The Florida contractor who opened up business in New Jersey after Superstorm Sandy, and allegedly fleeced seven home owners for hundreds of thousands of dollars in recovery money, is accused of consumer fraud violations by the New Jersey Attorney General's Office and the Division of Consumer Affairs.

Richard Woodard (NJ Atty. General's Office)

The complaint against Richard R. Woodard and Willwood Builders also includes violations of the Contractors' Registration Act, home improvement regulations, and advertising regulations.

According to Attorney General Christopher Porrino's office, Woodard and Willwood Builders are accused of taking down payments for repairs, improvements or new construction, then delivering shoddy results, abandoning projects, and not even starting some others.

It is the fourth complaint filed by the state Division of Consumer Affairs (DCA) regarding Superstorm fraud tied to funds tied to the state Reconstrctuion, Rehabilitation, Elevation and Mitigation (RREM) program, authorities said.

Three victims from Ocean and Middlesex Counties allegedly lost more than $314,000 in RREM funds along with their own money.

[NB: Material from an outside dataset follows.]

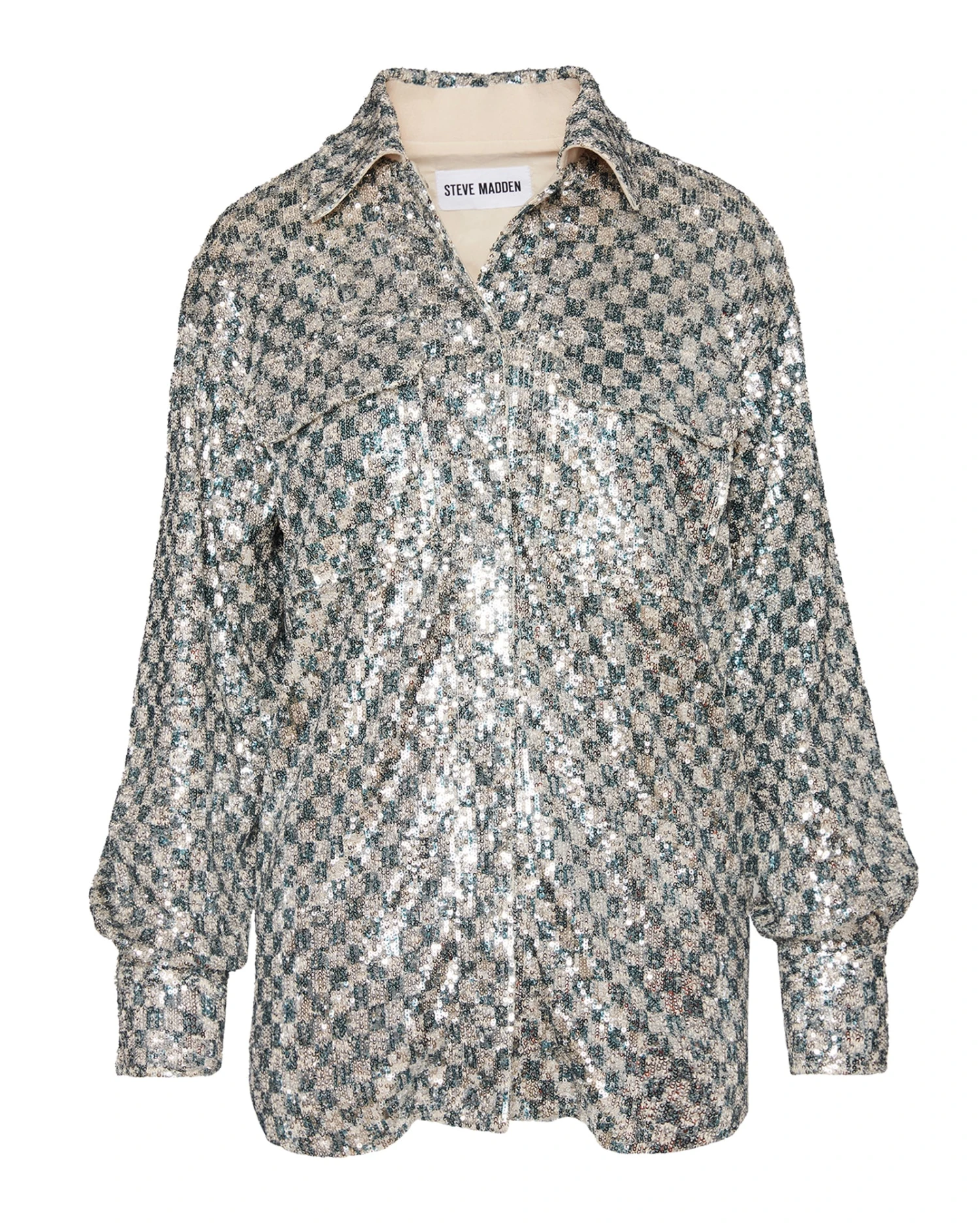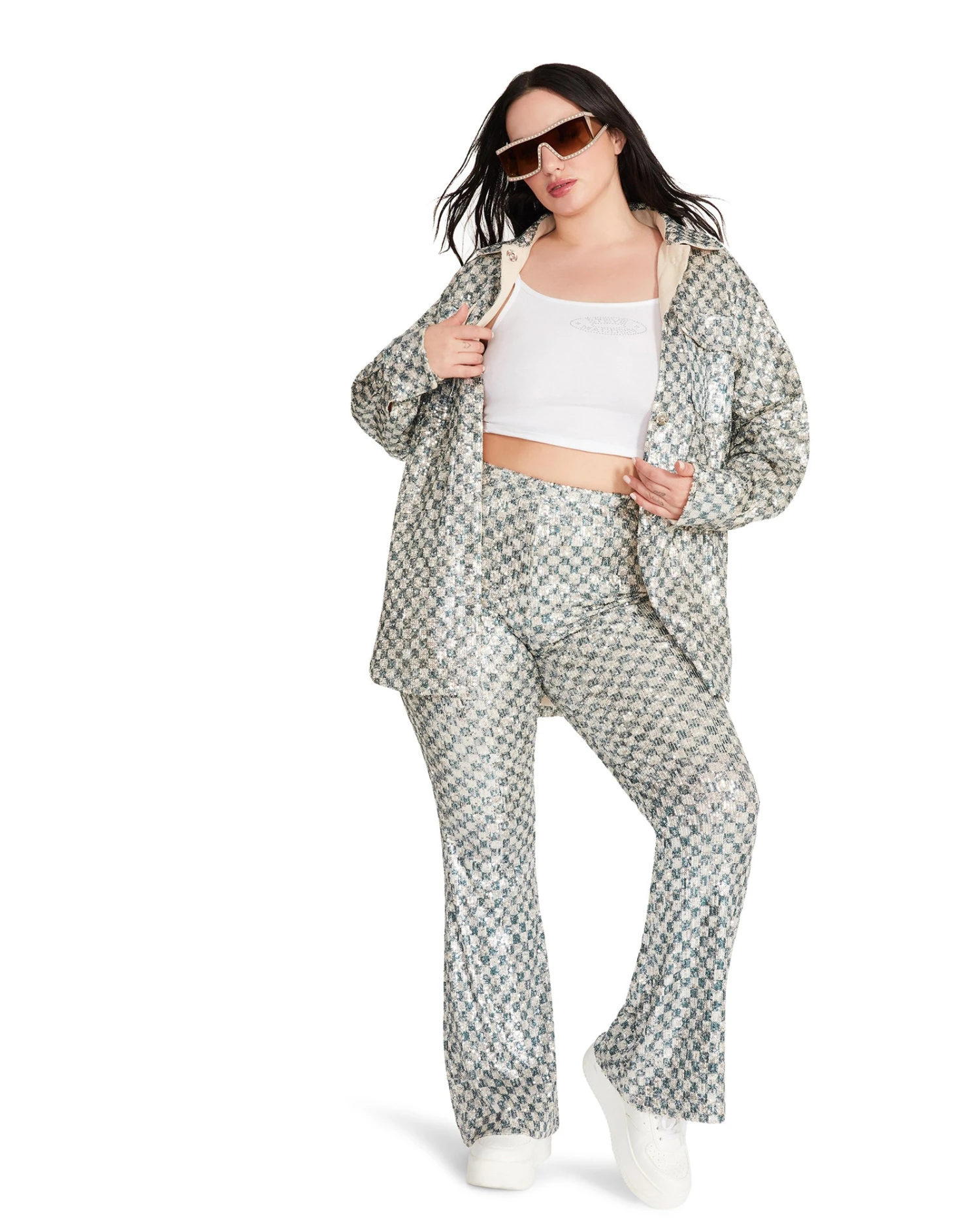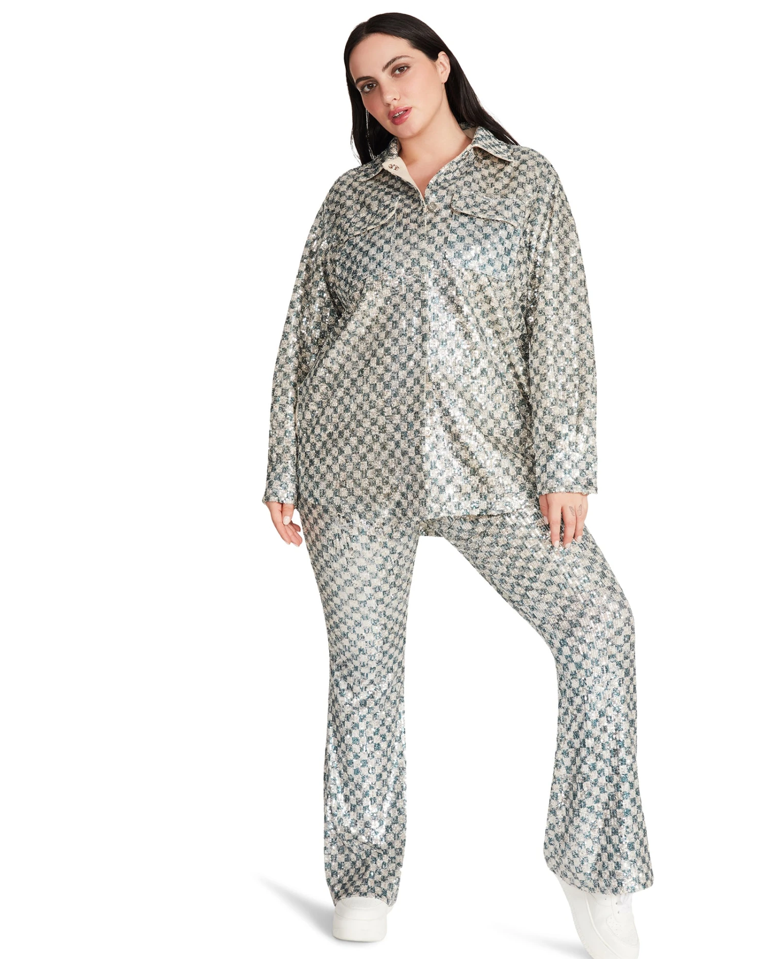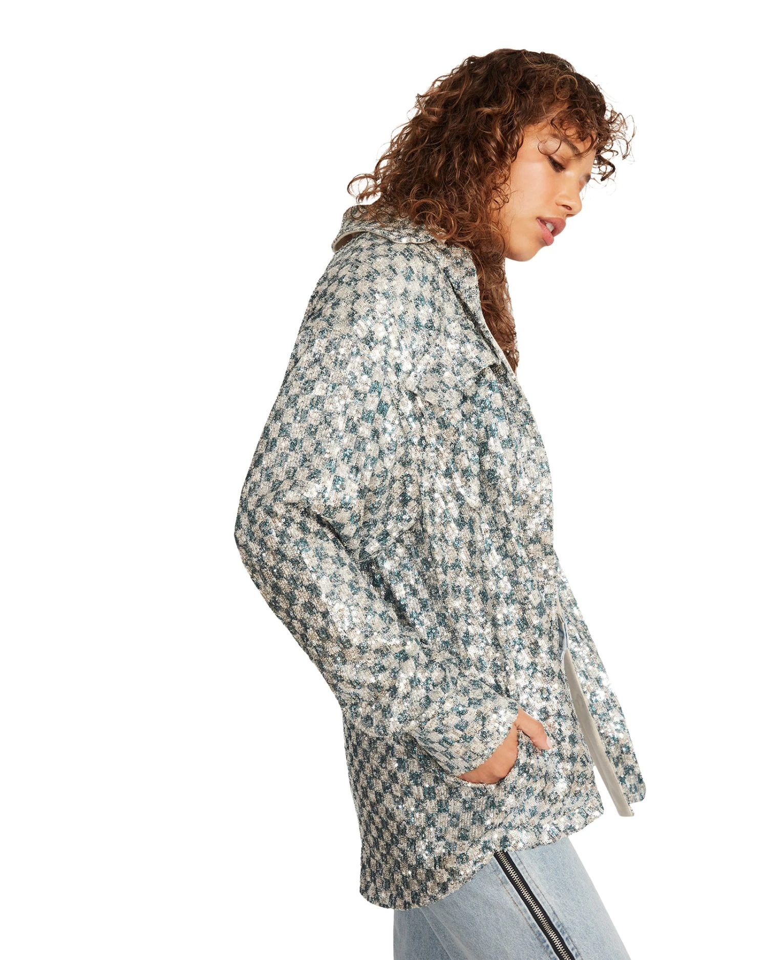 A light layer that packs a big punch, the ANDEE shacket is covered in sparkling mini sequins in a checkered pattern.

Four home owners from Ocean and Monmouth allegedly paid from their personal accounts.

The complaint alleges that Woodward and his firm failed to begin or complete contracted services, abandoned projects for which payments were taken, triggered property liens by failing to pay subcontractors, laborers or material providers, falsely advertising collaboration with architects to meet agreed specifications, misleading clients into thinking that initial or advance payments were their only responsibilities, failing to get building and construciton permits, and performing defective work on roofs, windows and/or doors.

State officials seek customer restitution, repayment of RREM funds, reimbursement of legal fees and civil penalties. They also are pursuing cancellation of Willwood's certificate of incorporation in New Jersey, a permanent revocation of its New Jersey home improvement contractor and new home builder registrations, and an injunction agaiinst owning, oiperating, advertising or managing any construction business in New Jersey.

Deputy Attorney General Jesse J. Sierant represents the State. The case was investigated by Consumer Protection Investigators Joseph Iasso and Brittany Kieran. Woodard and Willwood are representedby attorney Anthony Sodano, III.

Charges are accusations. Defendants are presumed innocent unless, and until, found guilty in a court of law.